Iron oxide nanoparticles (ION) have been widely used in biomedical applications, for both diagnosis and therapy, due to their unique magnetic properties. They are intensively explored in neuromedicine mostly because of their ability to cross the blood brain barrier. Hence, their potential harmful effects on neuronal cells need to be carefully assessed. The objective of this study was to evaluate the toxicity of silica-coated ION (S-ION) (10–200 μg ml–1) on human neuronal SHSY5Y cells. Alterations in the cell cycle, cell death by apoptosis or necrosis, and membrane integrity were assessed as cytotoxicity parameters. Genotoxicity was determined by a γH2AX assay, a micronucleus (MN) test, and a comet assay. Complementarily, possible effects on DNA damage repair were also analysed by means of a DNA repair competence assay. All analyses were performed in complete and serum-free cell culture media. Iron ion release from the nanoparticles was notable only in complete medium. Despite being effectively internalized by the neuronal cells, S-ION presented in general low cytotoxicity; positive results were only obtained in some assays at the highest concentrations and/or the longest exposure time tested (24 h). Genotoxicity evaluations in serum-free medium were negative for all conditions assayed; in complete medium, dose and time-dependent increase in DNA damage not related to the production of double strand breaks or chromosome loss (according to the results of the γH2AX assay and MN test), was obtained. The presence of serum slightly influenced the behaviour of S-ION; further studies to investigate the formation of a protein corona and its role in nanoparticle toxicity are necessary.

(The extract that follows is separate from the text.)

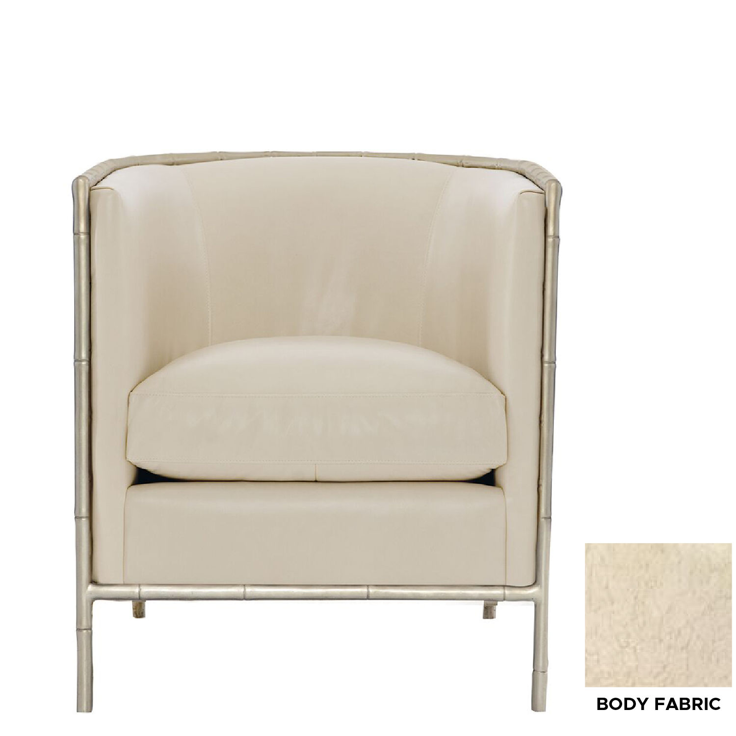 A bamboo-style exposed frame in French Silver finish adds a unique, organic glamour to this elegant barrel back chair.
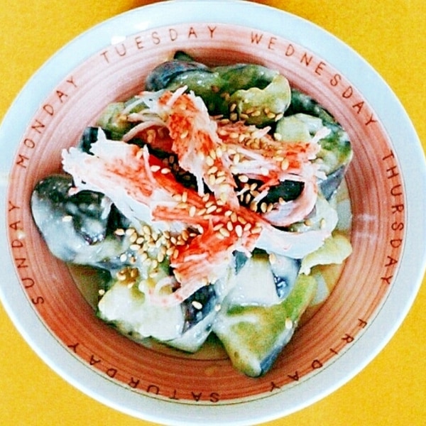 レンチンで和えるだけ! ナスとカニカマのわさびマヨサラダ☆食欲アップに♪。

机译:氧化铁纳米粒子(ION)由于其独特的磁性,已广泛用于诊断和治疗的生物医学应用。人们在神经医学领域对其进行了深入的研究,主要是因为它们具有穿越血脑屏障的能力。因此,需要仔细评估它们对神经元细胞的潜在有害作用。这项研究的目的是评估二氧化硅包覆的ION(S-ION)(10–200μgml –1 )对人神经元SHSY5Y细胞的毒性。将细胞周期的变化,由于凋亡或坏死引起的细胞死亡以及膜完整性评估为细胞毒性参数。基因毒性通过γH2AX分析,微核(MN)试验和彗星分析确定。补充地,还通过DNA修复能力测定法分析了对DNA损伤修复的可能影响。所有分析均在完全无血清的细胞培养基中进行。仅在完全培养基中才从纳米颗粒释放铁离子。尽管被神经元细胞有效地内在化,但S-ION的细胞毒性普遍较低。仅在某些测定中以最高浓度和/或最长暴露时间(24小时)获得阳性结果。在所有试验条件下,无血清培养基中的基因毒性评估均为阴性;在完全培养基中,获得的DNA损伤的剂量和时间依赖性增加与双链断裂或染色体丢失的产生无关(根据γH2AX分析和MN测试的结果)。血清的存在会轻微影响S-ION的行为;有必要进行进一步研究以研究蛋白质电晕的形成及其在纳米粒子毒性中的作用。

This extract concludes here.